Она взобралась на Егора верхом и принялась шутливо душить. Игра переросла в ласки, постепенно становившиеся всё более страстными.
А время летело, неумолимо приближаясь к часу расставания.
Шёл митинг.
— Товарищи! Современное российское государство навязывает всевластие частной собственности и буржуазного жизнеустройства в России. К огромному сожалению, сегодня нет противовеса империализму в политической жизни страны. Наоборот, в левой оппозиции сильна приверженность к казённому, государственному патриотизму.
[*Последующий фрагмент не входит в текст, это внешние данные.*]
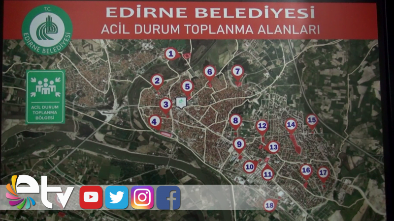 Edirne Belediyesi, Edirne İl Afet ve Acil Durum Müdürlüğü ile ortaklaşa bir çalışma gerçekleştirerek Afet ve Acil Durum Toplanma Alanlarını belirledi ve bu alanları halkın görebilmesi için harita hazırladı. Toplanma alanlarının bulunduğu mahalle bazındaki haritalar 24 mahalle muhtarlığına teslim edildi.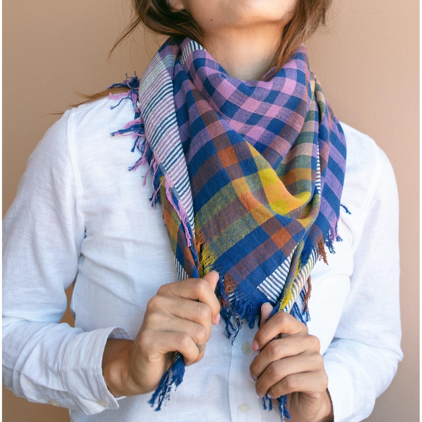 Wrap yourself in this majestic royal blue plaid scarf featuring highlights of chartreuse, pumpkin and orchid. This pretty accessory was inspired by vibrancy of our favorite late summer flowers: cosmos and zinnias. Add this scarf to your wardrobe for a practical and polished outfit top-off that livens up your cold-weather basics.

В этом отношении крайне ценны уроки Ленина и Сталина вековой давности[40].
Егор ёжился, сунув руки в карманы щёгольской, но не очень тёплой куртки, гораздо элегантнее той, что мог позволить себе в советской жизни.
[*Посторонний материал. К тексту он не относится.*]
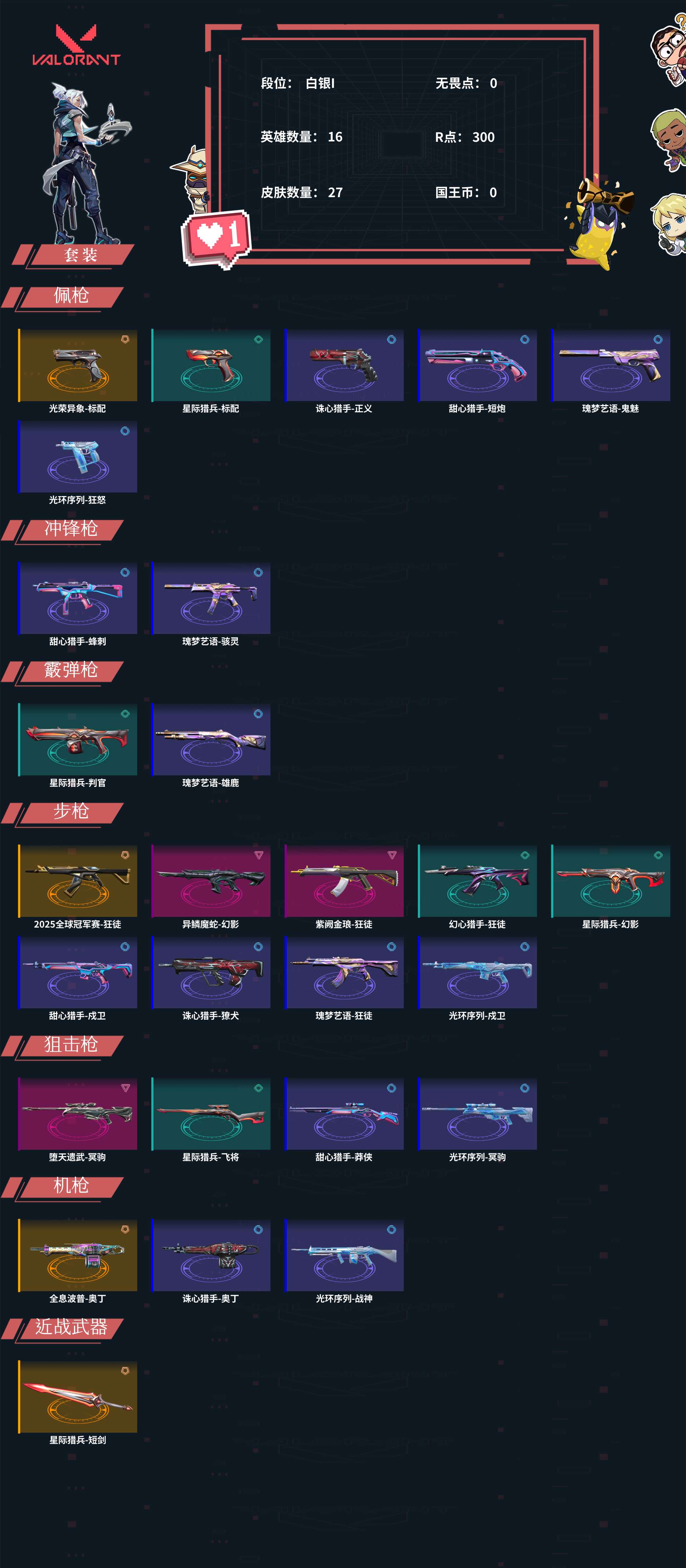 【C2530634445】皮肤资产:8940 皮肤数量:27 英雄数量:16 R点:300 段位: 白银I 狂徒【幻心猎手-狂徒,瑰梦艺语-狂徒,紫阙金琅-狂徒,2025全球冠军赛-狂徒】幻影【异鳞魔蛇-幻影,星际猎兵-幻影】冥驹【堕天遗武-冥驹,光环序列-冥驹】标配【光荣异象-标配,星际猎兵-标配】戍卫【甜心猎手-戍卫,光环序列-戍卫】奥丁【全息波普-奥丁,诛心猎手-奥丁】

На митинг, посвящённый солидарности с каким-то рабочим движением, пришло человек сорок-сорок пять. Некоторые стояли поодаль и, похоже, не оратора слушали, а наблюдали за участниками. Там же дежурили полицейские, один славянского, другой кавказского типа.
В жидкой группе сочувствующих двое держали красные флаги СССР. Один — портрет Сталина. Ленин также присутствовал в количестве трёх чёрно-белых репродукций.
Не дожидаясь конца речи, Егор тихо покинул митинг и направился к «Маяковской». В целом увиденное произвело гнетущее впечатление. Примерно как сценка на тему Гражданской войны в постановке студенческой агитбригады БГУ, где он с напарницей, предметом его воздыханий и эротических грёз, пел «Вихри враждебные». Оба в бутафорских шинельках и шлемах-будёновках, жарких и неудобных.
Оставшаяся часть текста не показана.